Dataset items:
- Opening Delimiter -

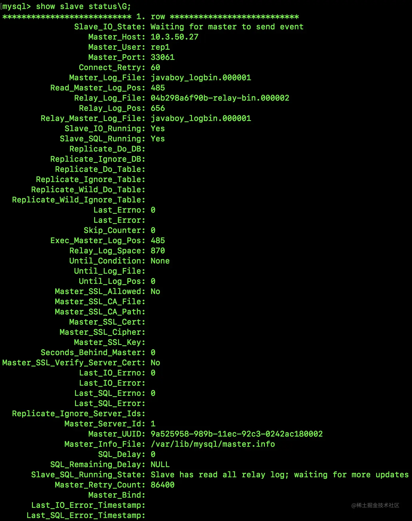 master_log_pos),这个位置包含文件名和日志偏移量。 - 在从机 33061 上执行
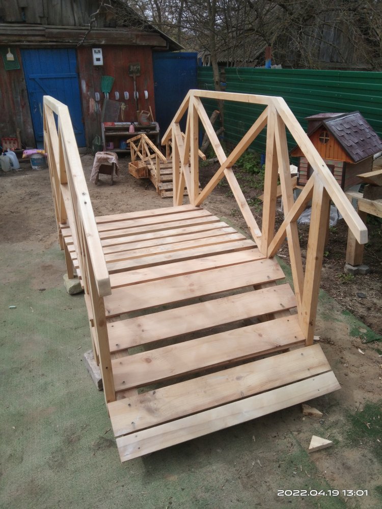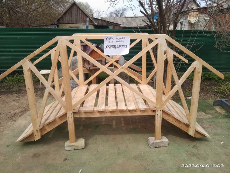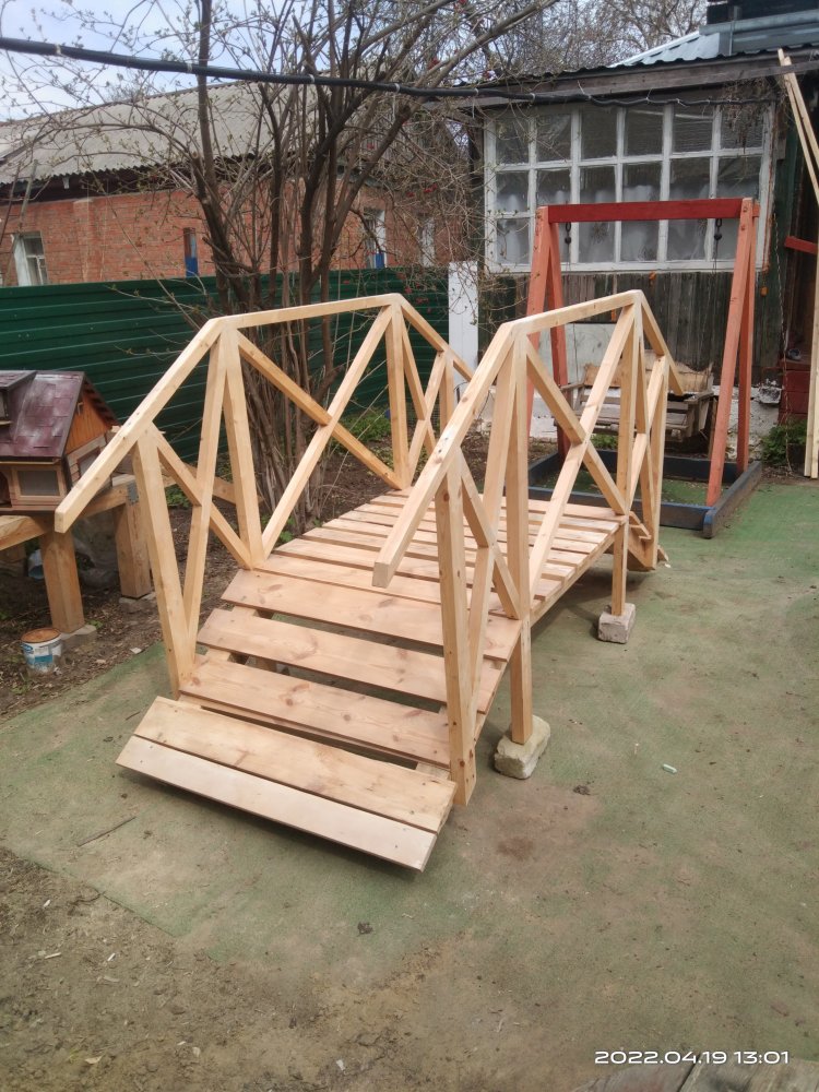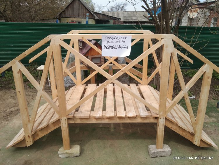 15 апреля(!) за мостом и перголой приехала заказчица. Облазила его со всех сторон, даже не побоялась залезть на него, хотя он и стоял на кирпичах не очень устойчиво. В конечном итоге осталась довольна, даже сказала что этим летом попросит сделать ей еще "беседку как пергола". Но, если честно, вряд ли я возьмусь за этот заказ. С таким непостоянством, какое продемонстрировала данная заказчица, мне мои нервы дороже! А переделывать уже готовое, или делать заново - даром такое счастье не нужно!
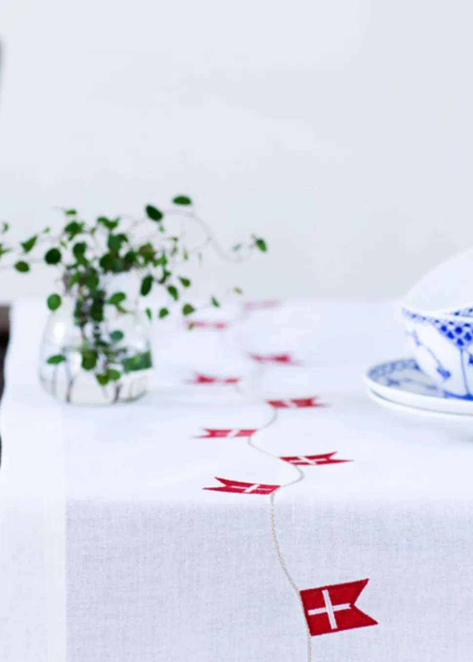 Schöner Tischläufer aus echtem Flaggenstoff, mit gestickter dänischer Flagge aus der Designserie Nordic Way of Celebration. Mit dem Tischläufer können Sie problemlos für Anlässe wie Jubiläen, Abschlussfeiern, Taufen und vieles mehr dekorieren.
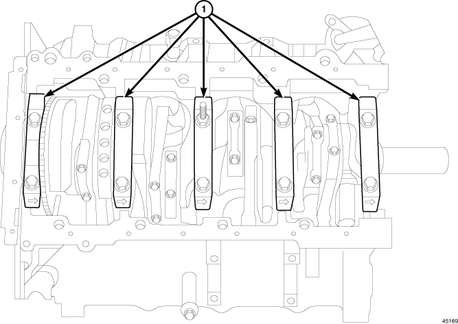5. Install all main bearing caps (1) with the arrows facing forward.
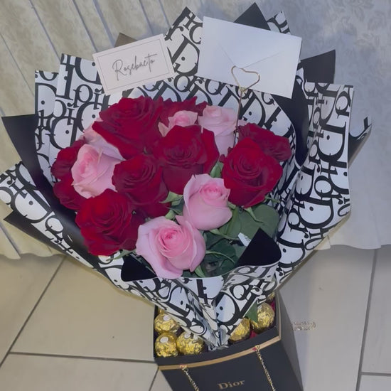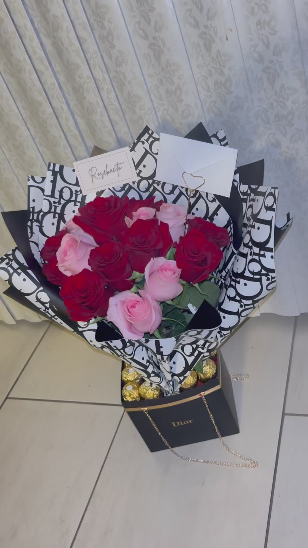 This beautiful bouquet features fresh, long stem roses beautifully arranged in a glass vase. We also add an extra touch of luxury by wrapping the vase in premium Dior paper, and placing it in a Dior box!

- Closing Delimiter -

_WORK INSTRUCTIONS_
Retype all entries exactly, without the images.

_RESPONSE_
 master_log_pos),这个位置包含文件名和日志偏移量。 - 在从机 33061 上执行
 15 апреля(!) за мостом и перголой приехала заказчица. Облазила его со всех сторон, даже не побоялась залезть на него, хотя он и стоял на кирпичах не очень устойчиво. В конечном итоге осталась довольна, даже сказала что этим летом попросит сделать ей еще "беседку как пергола". Но, если честно, вряд ли я возьмусь за этот заказ. С таким непостоянством, какое продемонстрировала данная заказчица, мне мои нервы дороже! А переделывать уже готовое, или делать заново - даром такое счастье не нужно!
 Schöner Tischläufer aus echtem Flaggenstoff, mit gestickter dänischer Flagge aus der Designserie Nordic Way of Celebration. Mit dem Tischläufer können Sie problemlos für Anlässe wie Jubiläen, Abschlussfeiern, Taufen und vieles mehr dekorieren.
5. Install all main bearing caps (1) with the arrows facing forward.
 This beautiful bouquet features fresh, long stem roses beautifully arranged in a glass vase. We also add an extra touch of luxury by wrapping the vase in premium Dior paper, and placing it in a Dior box!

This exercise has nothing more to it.